The crisis seemingly was averted when Nizar was named the Sultan's choice of the new Menteri Besar of Perak on 12 March 2008, and were planned to be sworn in on the next day. However DAP Adviser Lim Kit Siang announced his party's disapproval of the decision on the same day, and threatened for DAP to boycott the swearing-in ceremony. Although Lim later apologized to Sultan of Perak and the Regent of Perak for his statement and DAP retracted their boycott threat, PKR through its deputy president Syed Husin Ali voiced their disagreement about the state EXCO member composition which are not favourable to PKR, and threatened to pull out of the state government. The argument were resolved on 14 March, after further discussion between the three parties, when it was decided that DAP would hold 6 EXCO posts including Ngeh as Deputy Menteri Besar 1, PKR 3 Exco posts including an Indian PKR MLA as Deputy Menteri Besar 2, and PAS 1 Exco post, who all will work together with the Menteri Besar-elect, Nizar.

Nizar were finally sworn in on 17 March (coincidentally on Nizar's birthday), in front of the Regent of Perak, Raja Nazrin Shah, after the 4-day delay from the original swear-in date caused by DAP-PKR-PAS disagreements. After further discussions between the three parties, the 10 state EXCO members were sworn in on 28 March, initially without portfolio announced; the portfolio for each EXCO member was confirmed two days later after the first EXCO meeting, which saw the 2 Deputy Menteri Besar posts announced earlier dropped in favour of Ngeh as senior EXCO member. In response of the EXCO composition of only one Indian MLA appointed, A. Sivasubramaniam, the MLA for Buntong, resigned from DAP on 31 March, claiming DAP did not fulfill the promise of appointing two Indian MLA in the state EXCO; he retracted his resignation several hours later after discussion with the party leaders.

The DAP-PKR-PAS coalition were later known as Pakatan Rakyat from 1 April 2008.

=== BN post-mortem ===
On 25 January 2009, BN's MLA for Bota, Nasarudin Hashim, announced his resignation from UMNO and BN, and joining PR and PKR. Bearing responsibility for the defection of Nasaruddin, Perak state BN and UMNO chief and also former Menteri Besar, Tajol Rosli Mohd Ghazali, tendered his resignation of all the party posts, which was accepted by UMNO's Supreme Council on 30 January. However on 4 February, Nasaruddin announced his return to BN and UMNO.

After Tajol's resignation, Najib Razak assumed responsibility as interim Perak state chief of UMNO and BN, until UMNO's party election on March that year, which saw Zambry Abdul Kadir elected to the post.

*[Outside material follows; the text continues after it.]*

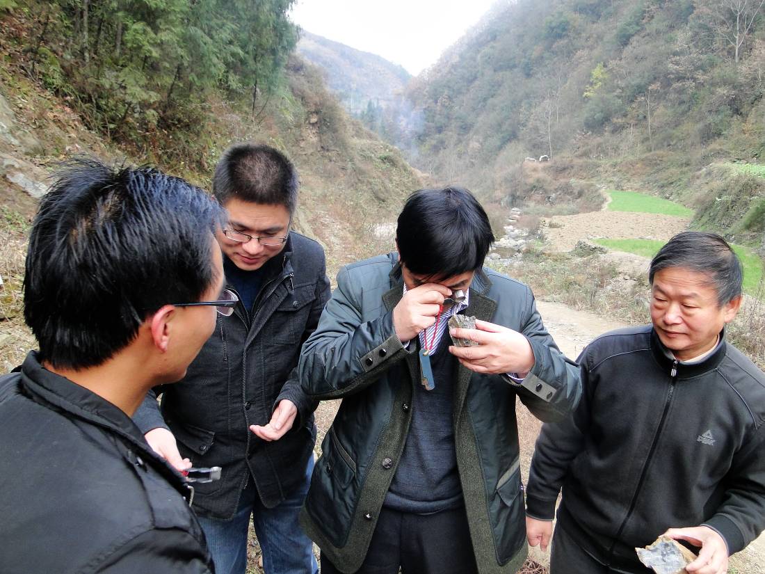 在黃泥坪金礦項(xiàng)目部,項(xiàng)目工作人員匯報(bào)了黃泥坪一期、二期工作情況,介紹了項(xiàng)目當(dāng)前所取得的成果、存在的問題以及下一步工作安排。隨后,劉總會(huì)一行來到某礦體露頭點(diǎn),實(shí)地查看巖礦標(biāo)本,與項(xiàng)目人員進(jìn)行現(xiàn)場(chǎng)交流。并沿著坎坷陡峭的山間小路跨過山谷,徒步深入鉆機(jī)施工現(xiàn)場(chǎng),查看巖心樣本,了解鉆探施工情況。

=== 2009 Perak constitutional crisis ===

The Pakatan Rakyat government led by Nizar only lasts for 11 months until February 2009, when after two PKR MLA (Jamaluddin and Mohd Osman Mohd Jailu) and one DAP MLA (Hee Yit Foong) disappears from public and subsequently their announcement to become an independent who supports BN, Nizar and the PR government were forced to resign by the Sultan of Perak as they could not command the majority of the Perak Assembly. A new BN government, led by Zambry Abdul Kadir as Menteri Besar, were sworn in on the same day Nizar resigned. This led to a series of court cases between Nizar and Zambry for the Perak government legitimacy, until the final verdict which saw Zambry's government's accepted under the law in February 2010.

This is the first time the government of the state changed in Peninsular Malaysia as a result of allegiance changing between MLAs; previously this only happened in East Malaysia, with the last time was on 1994 in Sabah.